Sanjungan


Mantan Perdana Menteri Inggris, Winston Churchill, pernah ditanya, "Tidakkah Anda merasa tersanjung? Setiap kali Anda berpidato, orang datang berbondong-bondong sampai tidak kebagian tempat. Mereka sangat menyanjung Anda!" Sang Perdana Menteri menjawab, "Tiap kali ingin berbangga, saya ingat satu hal. Seandainya saya kelak dihukum gantung, jumlah orang yang hadir pasti melonjak dua kali lipat!"


Pernyataan dari Churchill di atas, mengenai sanjungan yang di berikan oleh dunia ini memang semu sifatnya, gampang berubah, dan dia menyadarinya. Hal itu hanyalah bersifat kecil dan sementara,  atau tidak bertahan lama.
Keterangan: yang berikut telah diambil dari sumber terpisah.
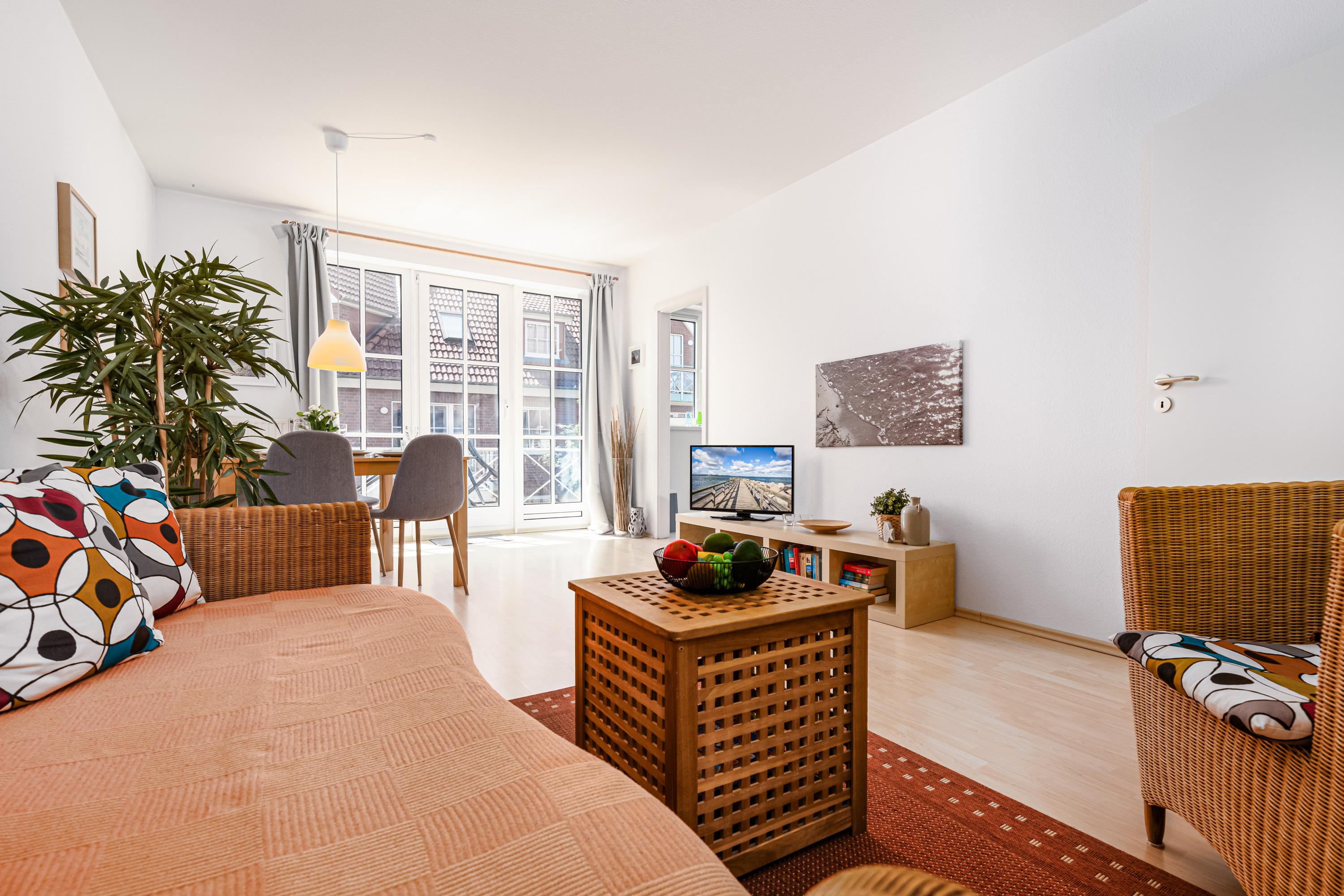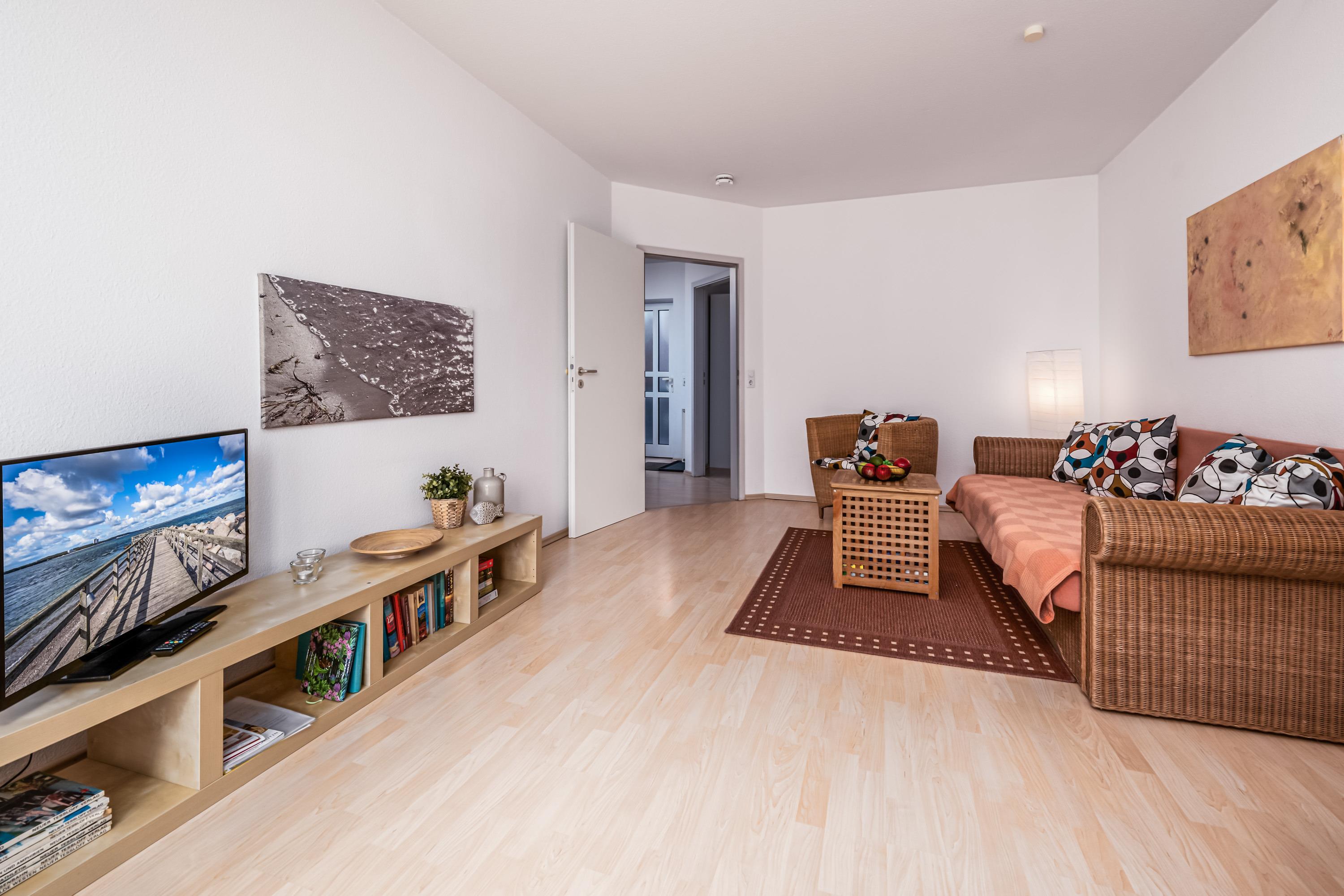Das lichtdurchflutete und modern eingerichtete Feriendomizil "Strandmöwe" ist ca. 52m² groß und bietet für bis zu 4 Personen einen idealen Ausgangspunkt für Ihren Ostseeurlaub. Vom Flur aus gehen Sie in den Wohnraum, der über eine bequeme Sitzecke mit Kabel-TV sowie einen schönen Essbereich verfügt. Von hier aus gelangen Sie auf den Balkon, wo Sie Ihren erholsamen Urlaubstag entspannt ausklingen lassen und die Meeresluft genießen können.

Maka dari pada itu, kita yang telah memiliki popularitas apa pun, janganlah terbawa terlalu jauh hingga melupakan segalanya.

Hal yang sama juga terjadi pada Tuhan kita Yesus Kristus, di saat Tuhan Yesus datang memasuki Yerusalem, rakyat banyak sangat menyanjung-Nya, dan mencari-cari-Nya hanya untuk melihat atau pun menerima mujizat-Nya. Apa pun itu mereka datang kepada-nya dengan maksud dan tujuan tertentu. Namun apa yang terjadi selanjutnya adalah sesuatu yang sangat bertolak belakang, yaitu beberapa hari kemudian, massa yang sama meneriakkan "Salibkan Dia!"

Adapun yang dialami Rasul Paulus. Sehabis menyembuhkan seorang lumpuh dengan kuasa Allah di Listra, penduduk terkesima. Dikiranya Paulus dan Barnabas adalah titisan dewa. Mereka berdua pun langsung dipuja-puja dan diberi aneka persembahan. Tetapi begitu orang-orang Yahudi membujuk mereka, segera saja mereka berbalik melempari Paulus dengan batu. Untunglah Paulus dan Barnabas tidak haus sanjungan. Keduanya malah prihatin melihat penduduk memuja-muja mereka. Paulus berusaha menjelaskan bahwa hanya Tuhan yang layak disembah. Pantang baginya untuk mencuri kemuliaan Tuhan bagi diri pribadi.

Di masa modern ini, ada banyak orang yang ingin atau suka mendapatkan sanjungan. Sebetulnya tidak salah kalau kita merasa tersanjung saat dipuji orang. Yang salah, kalau kemudian kita gila sanjungan, hingga rela mengorbankan apa pun demi mendapat sanjungan. Sanjungan bisa menyesatkan, lagipula cepat sirna. Lebih baik fokuskan diri untuk melakukan tugas sebaik mungkin. Tidak peduli disanjung atau tidak, tapi jalanilah.